Materials and Methods:
CYP at a dose of 250 mg/kg was injected in the mice through the intraperitoneal route. Each mouse was orally administered with 1 ml of camel milk twice daily for 10 days. The blood was taken from various groups of mice to determine quantitative and qualitative changes in the leukocytes. The protective role of camel milk against CYP-induced toxicity was also assessed by determining the levels of antioxidant enzymes, superoxide dismutase (SOD), and catalase (CAT) in the hepatic tissue homogenates.
Results:
Mice injected with CYP showed substantial weight loss and a simultaneous depletion of leukocytes. Oral administration of camel milk protected mice against CYP-induced toxicity. The group of CYP-injected mice that received camel milk showed lesser decrease in their weight and leukocyte numbers. CYP-injected mice showed lower levels of SOD and CAT, whereas simultaneous consumption of camel milk resulted in lesser decrease in the levels of SOD and CAT in liver homogenates.
Conclusions:
The results of the present study suggest that camel milk may have an immunopotentiating role in diseases or conditions associated with leukopenia- or drug-induced toxicities.
Keywords: Camel milk, cyclophosphamide, leukopenia, toxicity
Introduction
Leukopenia, reduced numbers of circulating white blood cells (WBC), may result from reduced production or increased utilization and destruction of the WBC because of certain infections, drugs, malignancy, megaloblastosis, and hypersplenism.1-3 Viral infections will often cause the body to slow bone marrow function and thus also lower the WBC count.2 Infections or autoimmune disorders that kill off cells faster than the production will intensify this reaction.4 Congenital disorders or cancerous growths can also cause the body to slow its bone marrow function.
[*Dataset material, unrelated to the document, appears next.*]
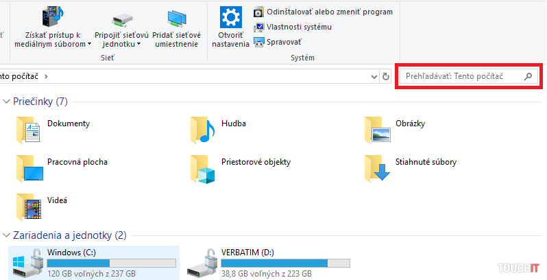 Avšak dá sa ešte trochu zjednodušiť. Štandardne totiž na vyhľadávanie použijete vyhľadávacie pole vpravo hore. Je v každom okne Prieskumníka. Ak chcete prehľadať celý počítač, použijete toto pole v zobrazení Tento počítač.

Chemotherapy or radiation therapy or the long-term use of antibiotics can kill the WBC as the medications target fast-growing tissues throughout the body.5 Cyclophosphamide (CYP), an anticancer drug, alkylates DNA and protein by producing cross-links.6 CYP causes leukopenia due to damage of bone marrow progenitor cells. It causes immune suppression in the treated patients. Patients undergoing CYP chemotherapy become easy targets of opportunistic pathogens due to reduced numbers or function of the WBC.7-9 Antioxidant supplementation can influence the response to chemotherapy and alleviate the development of adverse side effects resulting from chemotherapy.10 Natural compounds that reduce the side effects, as well as stimulate the immunity, may be of great help in improving cancer treatment strategies.11
Camel milk, a very good source of proteins, has immense biological effects associated with the improvement of infectious diseases.12,13 Camel milk can reduce up to 35% of the insulin daily dose taken by type-1 diabetic patients, with a reduction in the anti-insulin antibodies.14-16 Camel milk ingestion increases bone calcium, makes it effective in calcium metabolism disorders.17 Camel milk has been reported to possess antiallergic property.18 Camel milk liposomes loaded with anticancer agents, etoposide and doxorubicin have been shown to be effective against murine fibrosarcoma.19 Camel milk shows the antigenotoxic and anticytotoxic effects in cisplatin-treated mice.20 Keeping into consideration of many beneficial effects of camel milk, we are investigating the protective role of camel milk consumption against CYP-induced leukopenia and other toxic effects.
Materials and Methods
CYP was purchased from Tocris Biosciences (Bristol, UK). The WBC counting fluid (Turk`s fluid) and Giemsa stain were purchased from Loba Chemie (Mumbai, India). Fresh camel milk was obtained from camel farm at Al-Bukayriyah, Qassim, Saudi Arabia. Superoxide dismutase (SOD) and catalase (CAT) estimation kits were purchased from Biovision Inc. (CA, USA).
Mice
Female BALB/C mice of 8-10 weeks age were used in the study. Mice were obtained from the animal house facility of King Saud University, Riyadh, Saudi Arabia. The techniques used for bleeding and injection, as well as the sacrifice of mice, were approved by the Animal Ethics Committee of the College of Applied Medical Sciences, Qassim University, Buraydah, Saudi Arabia.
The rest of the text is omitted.